7. The method of claim 1 or claim 2, wherein the concentration gradient of the chemotactic agent is established with a concentration in the range from 0.5 to 200 ng/mL.

8. The method of claim 1 or claim 2, wherein the migration-inhibiting amount of the migration-modulating peptide is in the range of 100 nanoM to 100 microM.

9. The method of claim 1 or claim 2, wherein the incubation is for a period of 10 to 30 minutes.

10. The method of claim 1 or claim 2, wherein the tissue is injured or diseased.

11. The method of claim 1 or claim 2, wherein the tissue is lung tissue.

12. The method of claim 1 or claim 2, wherein the fluid is selected from the group consisting of blood, serum, lymph, urine, mucus, saline, lacrimate, perspiration, and ascites fluid.

13. The method of claim 1 or claim 2, wherein the fluid or tissue is present in a subject.

14. The method of claim 1 or claim 2, wherein the active fragment peptide is an N- terminal- and/or C-terminal-chemically modified peptide, which peptide consists of an amino acid sequence selected from the group consisting of:

(a) an amino acid sequence of from 4 to 23 contiguous amino acids of a reference sequence, GAQFSKTAAKGEAAAERPGEAAVA (SEQ ID NO: 1), wherein the amino acid sequence of the peptide begins at the N-terminal amino acid of the reference sequence, or an amino acid sequence substantially identical thereto; and

(b) an amino acid sequence having from 4 to 23 contiguous amino acids of a reference sequence, GAQFSKTAAKGEAAAERPGEAAVA (SEQ ID NO: 1) or an amino acid sequence substantially identical thereto, which begins at the amino acid at position 2 through the amino acid at position 21 of the reference sequence; and wherein

(i) the C-terminal amino acid of said chemically modified peptide is chemically modified and the N-terminal amino acid of the peptide is optionally chemically modified; or

(ii) the C-terminal amino acid of said chemically modified peptide is not chemically modified and the N-terminal amino acid of the peptide is chemically modified;

wherein administration of a migration-inhibiting amount of said chemically modified peptide to a mesenchymal stem cell forms a migration-inhibited mesenchymal stem cell.

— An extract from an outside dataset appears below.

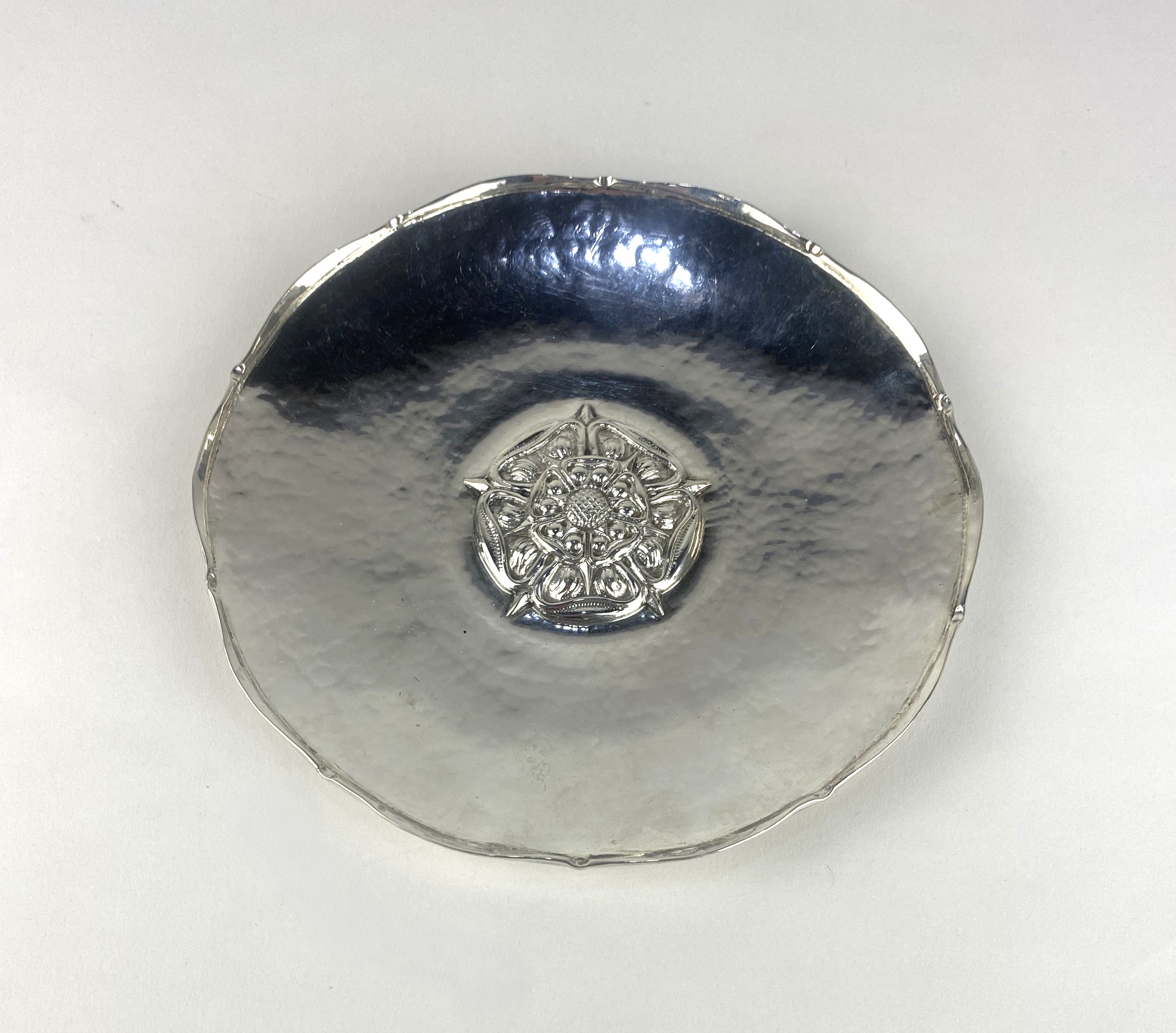 An Arts & Crafts silver rose dish by Omar Ramsden, George V, London, 1929, hammered decoration around a central raised Tudor rose, engrave to base 'Omar Ramsden Me Fecit', 15.5cm, 4.5oz

15. The method of claim 14, wherein the peptide is amidated with a linear, branched, saturated, or unsaturated C2 to C24 aliphatic carboxylic acid at the N-terminal amino acid of the peptide.

16. The method of claim 14, wherein the peptide is myristoylated at the N-terminal amino acid of the peptide.

17. The method of claim 14, wherein the peptide comprises the amino acid sequence AKGE (SEQ ID NO: 219).